SEQUENCE

SEQUENCE is an extraction transformation option that can be described as a completion feature of the matched value rather than a normalization. It adds elements surrounding the original matched data to the final extracted value.

Its action is based on the concept of "sequence", one of the classes of operators available in the Rules language. Used in extraction rules, sequences define conditions that imply stricter constraints compared to basic extraction rules.
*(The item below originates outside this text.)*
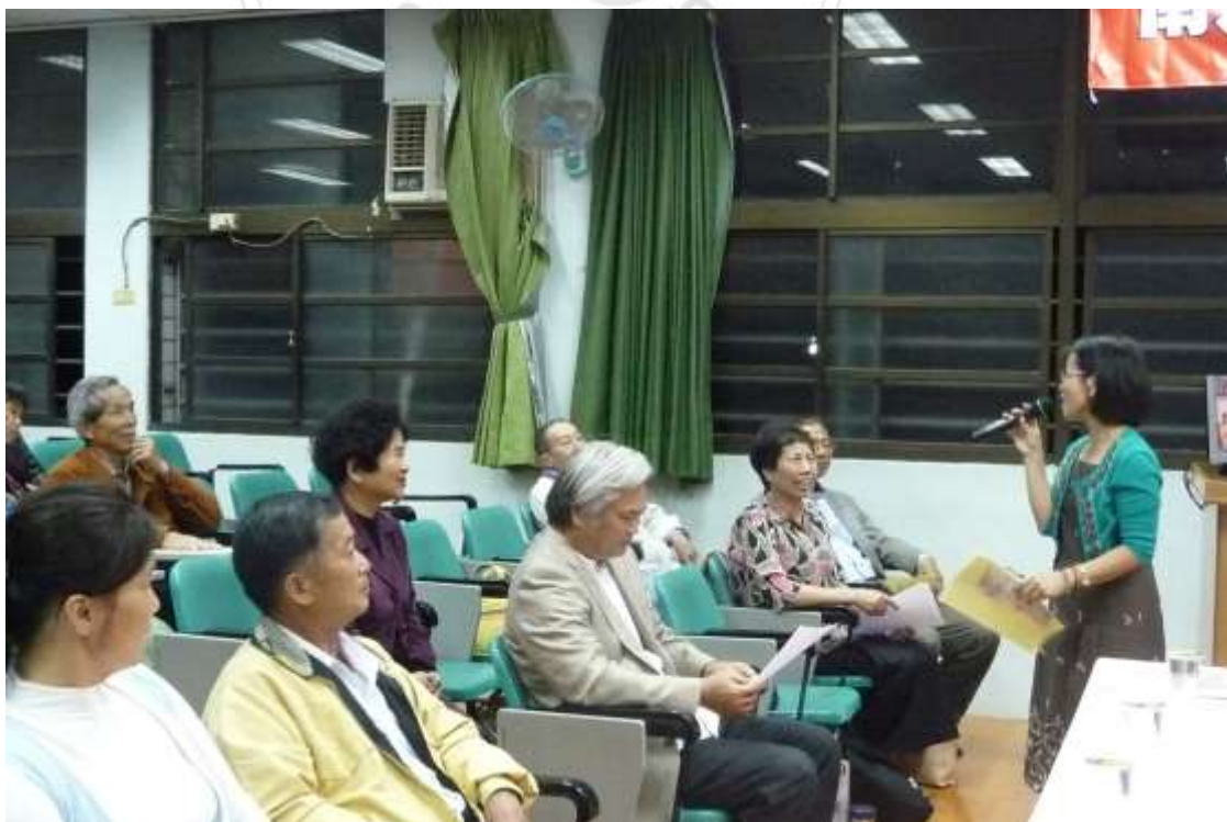
彰化市公所李專員（資深學員）熱情的心得分享（2013/3/29）

The SEQUENCE option returns all the elements included in a rule's sequence along with the value matched by an attribute enclosed in the extraction syntax.

The syntax of the SEQUENCE option is the following:

SCOPE scopeOption
{
    IDENTIFY(templateName)
    {
        attribute1
        sequenceOperator
        @field[attribute2]|[SEQUENCE]
    }
}

sequenceOperator refers to one of the positional or logical sequence operators available. The operators and the attributes, other than the one enclosed in the extraction syntax, can be positioned before or after the extraction syntax and as many operators and attributes may be used as needed. By definition, the SEQUENCE option must be used in a rule containing at least one sequence.

Basic extraction rules are commonly made up of an attribute (or combination of attributes).

In some cases, a condition implies that other elements must be taken into account in addition to the attribute specified within the extraction syntax. A rule may in fact contain one or more constraining attributes, as well as the attribute enclosed in the extraction syntax, all of which are combined using one of the available positional or logical operators, for example:

SCOPE SENTENCE
{
    IDENTIFY(TEST)
    {
        KEYWORD("flu", "flulike", "flu-like")
        >>
        @field_1[LEMMA("epidemic")]
    }
}

The purpose of this rule is to extract only the lemma epidemic, in singular or plural form, if it appears in a text strictly preceded (double greater than sign, >>) by one of the keywords flu, flulike or flu-like.

The SEQUENCE option must be used when it is required for a sequence rule to extract not only the attribute enclosed in the extraction syntax but also any other element included in the sequence.

Consider the same rule above with the addition of the SEQUENCE transformation:

SCOPE SENTENCE
{
    IDENTIFY(TEST)
    {
        KEYWORD("flu", "flulike", "flu-like")
        >>
        @field_1[LEMMA("epidemic")]|[SEQUENCE]
    }
}

Now, if the condition is verified, the SEQUENCE transformation option will ensure that the extraction value will be expanded to include all elements pertaining to the sequence specified in the rule.

Consider the extraction output if the rule above is run against the following sample text:

Flu Widespread, Leading a Range of Winter's Ills
By DONALD G. McNEIL Jr. and KATHARINE Q. SEELYE
Published: January 9, 2013
It is not your imagination - more people you know are sick this winter, even people who have had flu shots.
The country is in the grip of three emerging flu or flulike epidemics: an early start to the annual flu season with an unusually aggressive virus, a surge in a new type of norovirus, and the worst whooping cough outbreak in 60 years. And these are all developing amid the normal winter highs for the many viruses that cause symptoms on the "colds and flu" spectrum.
Influenza is widespread, and causing local crises. On Wednesday, Boston's mayor declared a public health emergency as cases flooded hospital emergency rooms.

The text contains only one combination of values matching the sample rule - flulike epidemics - and the SEQUENCE operator causes the extraction of the entire sequence, and not just of the token (lemma epidemic) matched by the field-prefixed operand.